落選した年の2005年度から、公共政策研究科の客員教授に任命され、今年で6年目の講義になります。
2004年の段階で、まさか、選挙にでるとは予想もしていないので、客員教授のオッファーをお受けしました。
毎週土曜日の講義で、二コマ(90分×2)の予定でした。地元での選挙準備がありますから、毎週土曜日に上京することもできず、年度末に二泊三日の合宿形式にしてもらいました。
今年度は一コマなので、来週、20、21の両日、市ヶ谷キャンパスで終日、集中講義をします。
これまで、アンソニー・ギデンズの「第三の道」や、フィリップ・コトラーの「社会が変わるマーケテイング」などをテキストに選んできました。
今回は、マイケル・サンデルの「これからの『正義』の話をしよう」を選びました。
理由は、私が読みたかったということ。
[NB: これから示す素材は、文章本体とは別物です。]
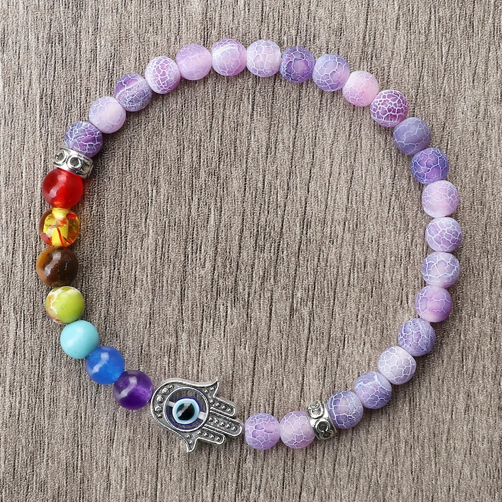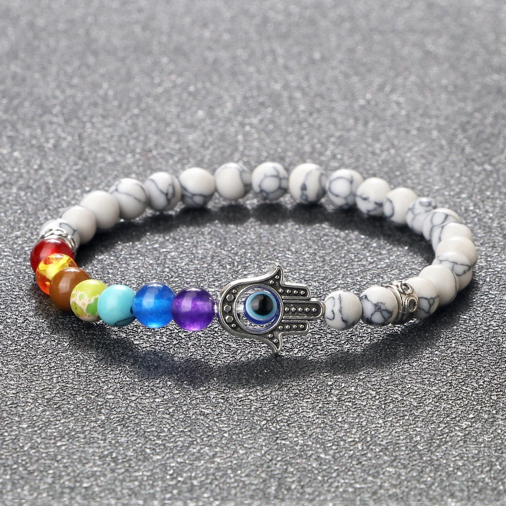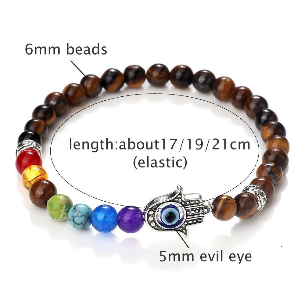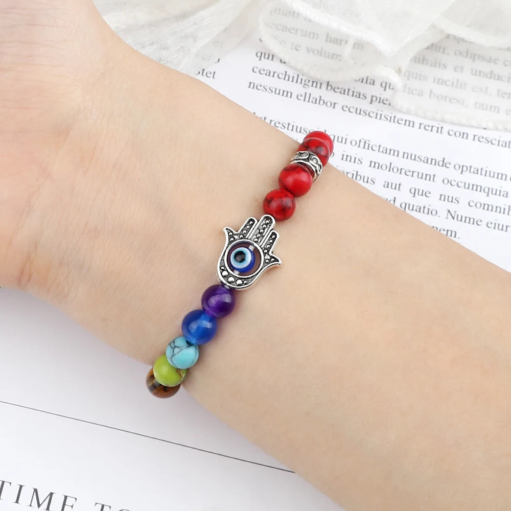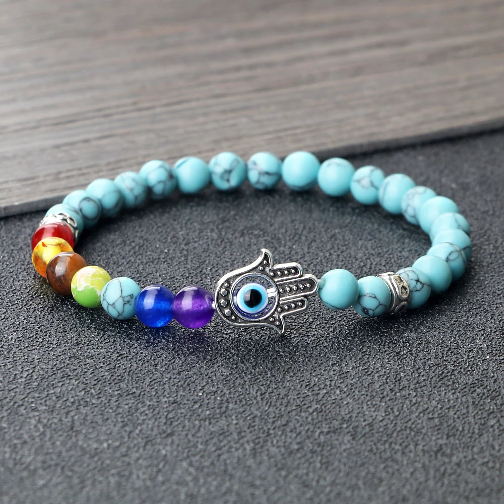 七色能量珠和掌形邪眼护符的组合非常到位!6mm颗粒贴肤不突兀,弹力绳上手就能戴,运动也不影响。颜色顺序清晰,冥想时很有仪式感,整体做工细致,细节加分。

学生時代、商法のゼミの江頭憲次郎先生に、「なぜこのテキストを選んだのか?」と聞いたら、「いやあ、忙しくて読めなかった本なのでね。講義で使うと読まざるをえないだろう。」とのお答え。
そういうものか、、、、w、と妙に納得。以来、プリンストン大でも、埼玉大でもテキストは自分が読みたいものを選んでいます。
マイケル・サンデル教授のこの本は大ベストセラー。ハーバード大学での講義の模様はNHKでも放送される人気ぶり。
と言っても、哲学の本なので、いささか難しい、、、汗。
一人殺すか五人殺すか選ぶしかない状況で、一人殺すことを正当化する考えが功利主義。まったく自由な状況で判断できるならば、すべて、個人の判断で行動することが正義、政府が介入してはいけないというのが、自由至上主義(リバリタリアニズム)。
コミュニタリアニズムのサンデル教授は、正義には「物語」に基づく判断がかかわるとする。
「公正な社会は、ただ効用を最大化したり選択の自由を保証したりするだけでは達成できない。、、、善良な生活の意味をわれわれがともに考え、避けられない不一致を受け入れられる公共の文化をつくりださなくてはいけない。」と。
したがって、教授は「政治は道徳的・宗教的論争にまきこまれるべきだと」考えています。これは、大きなチャレンジです。教授によれば。オバマ大統領はこの立場を取ったので、国民の共感を得たと説明しています。
来週、学生諸君とおおいに議論をしてみたいものです。